─── Source data

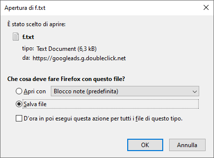 rieges Premetto che non so se mi conviene aprire una nuova discussione. Da questa mattina alcune pubblicità sul forum mi stanno facendo scaricare file .txt a random. Nel dubbio da una macchina virtuale ho scaricato il file e analizzato su VirusTotal e non sembra essere qualcosa di pericoloso. Non so se sia una pubblicità mal implementata/un errore del mio browser o qualcos'altro. Se vi serve ho caricato il contenuto del file su Pastebin https://pastebin.com/rqYpkekp
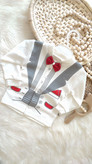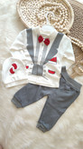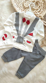 ست بلوز مجلسی ب همراه شلوار و کلاه پسرانه تمام نخ مدل پاپیون برجسته ترک
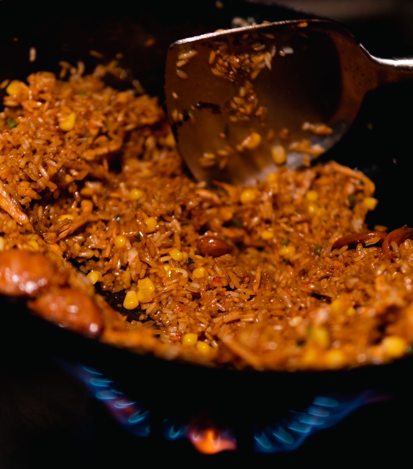 Arroz 180 Gramos, Salteado con Salchicha Americana, Maíz, Cebollín, Salsa soya, Hoisin.

──────

_Exercise directions_
Could you please return each line of the material exactly, dropping the pictures?

_Solution for this task_
 rieges Premetto che non so se mi conviene aprire una nuova discussione. Da questa mattina alcune pubblicità sul forum mi stanno facendo scaricare file .txt a random. Nel dubbio da una macchina virtuale ho scaricato il file e analizzato su VirusTotal e non sembra essere qualcosa di pericoloso. Non so se sia una pubblicità mal implementata/un errore del mio browser o qualcos'altro. Se vi serve ho caricato il contenuto del file su Pastebin https://pastebin.com/rqYpkekp
 ست بلوز مجلسی ب همراه شلوار و کلاه پسرانه تمام نخ مدل پاپیون برجسته ترک
 Arroz 180 Gramos, Salteado con Salchicha Americana, Maíz, Cebollín, Salsa soya, Hoisin.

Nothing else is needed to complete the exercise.